El incesto como derecho de admisión.
Catalogar a Polvo de Estrellas (Maps to the Stars, 2014) como una comedia negra no es sólo quedarse corto sino también obviar la posibilidad de que quizás a David Cronenberg no le resulte precisamente “gracioso” lo que sucede en pantalla. Si bien el paroxismo y la hipérbole son ingredientes esenciales de la estructura paradigmática de la farsa, no podemos olvidar que asimismo forman parte del armazón del terror, el eje que sin dudas unifica la carrera del hoy por hoy mítico realizador. No importa qué géneros consideremos que el canadiense está trabajando en tal o cual film, si existe una directriz que otorga verdadero sentido al desfile de atrocidades siempre pasa por el horror y sus ramificaciones.
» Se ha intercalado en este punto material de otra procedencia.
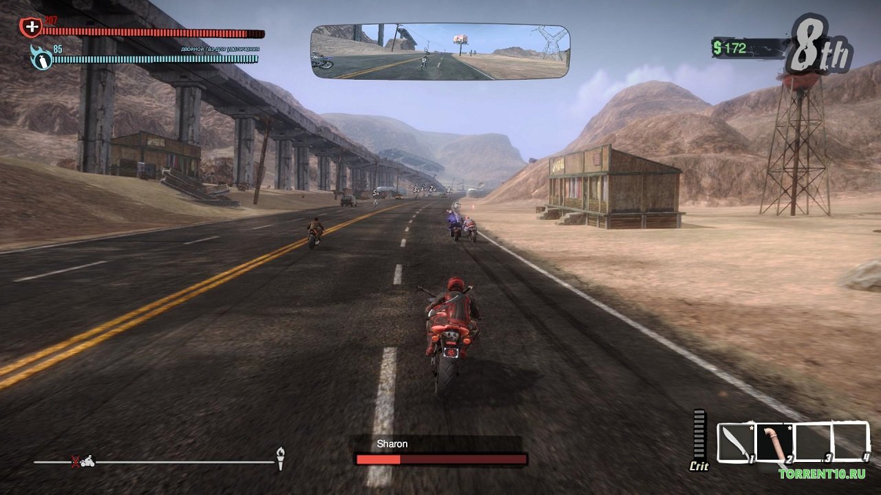 Чтобы получить бонусы, придется подъехать к сопернику как можно ближе и ногой или при помощи оружия сделать так, чтобы он свалился с трассы. В процессе игры можно улучшать свой байк, сменив ему цвет или установив элементы для устрашения соперников.

El último opus del señor echa mano de una virulencia satírica prodigiosa para diseccionar con un escalpelo la neurosis del Hollywood de nuestros días y la industria del espectáculo en general, proponiendo un análisis intimista de las correlaciones, abusos y juegos de poder dentro de un “show business” leído como un organismo similar a la familia aunque dominado por un esquema reproductivo endogámico. Retomando su obsesión para con las pústulas que la sociedad contemporánea origina en los cuerpos y las psiquis de los individuos, en esta ocasión la necesidad de control del capitalismo más invasivo utiliza al incesto como ardid de corrección con vistas a afianzar egos inflados y la ceguera de turno.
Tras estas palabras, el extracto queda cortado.